I've read a lot of blogs recently and there seems to be a pattern emerging with mums being pressured to breastfeed. London Mum suggests that the NHS is putting too much effort and money into encouraging breastfeeding both before and after the baby is born instead of focusing more on the basic post-natal care. I completely agree, from my first booking appointment with a midwife this time last year when I was only about 8 weeks pregnant I had been booked onto a breast feeding class in 5 months time. At that stage in my pregnancy I didn't know which route I was going to take. I even felt slightly pressured by people I knew. Don't get me wrong, the NHS is a great institute and we would be stuck without it, but surely the case of Charlotte Bevan just shows that the immediate post-natal care is just not good enough. It needs major improvements and less of the breast is best army within the NHS (I'm not bashing Breast feeding..I've tried it). I did subsequently breast feed Joey exclusively until he was about 10 weeks old, I then moved on to combination feeds and then moved onto just formula feeding by about 12 weeks.  We tried it and it was ok very early on but we just found that formula was the best option.

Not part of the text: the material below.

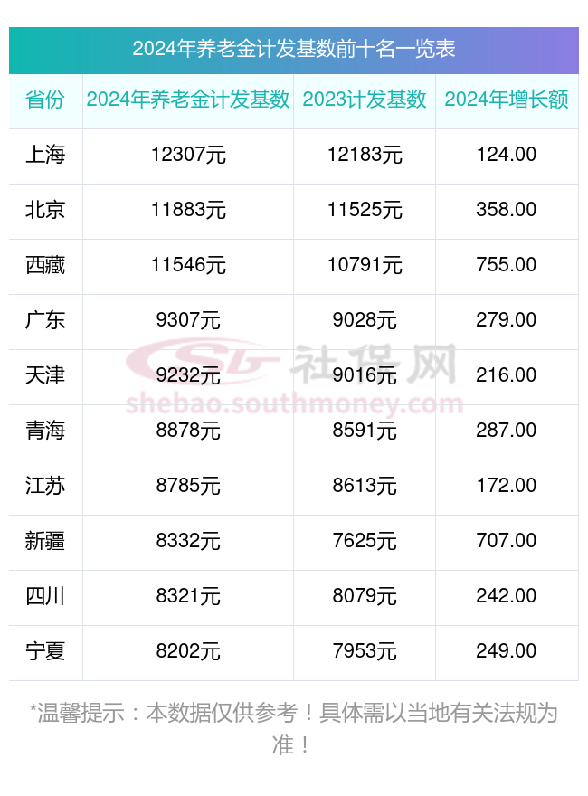 下面看看2023-2024年全国各地养老金计发基数排名前十

With my own experience after birth I definitely had a case of the baby blues, I seemed to cry all the time at nothing. I had no problem bonding with Joey, that aspect was fine and I knew that I loved him straight away. But I must admit I didn't tell my health visitor or doctor that I was struggling a bit in those early days, I just got on with being a mum. I'm first to admit that I'm the sort of person that likes to keep up pretences and i won't seek help immediately which is the wrong thing to do. 

Again, I am not saying that the NHS is irrelevant but more emphasis on the post natal care side of things needs to be assessed. Maybe and this is a BIG maybe, if nhs strategies were different Charlotte may have felt more supported or know that there was more support out their and may not have felt the need to do what she did. My heart goes out to Charlottes family and her partner. Ofcourse, it has been well documented that the NHS is strained and that midwives in particular are in short supply and aren't getting paid enough either. I just hope that the NHS can just improve things so that new mums and health care professionals can work happily together and provide more support. 

I'd really like to hear your views on this.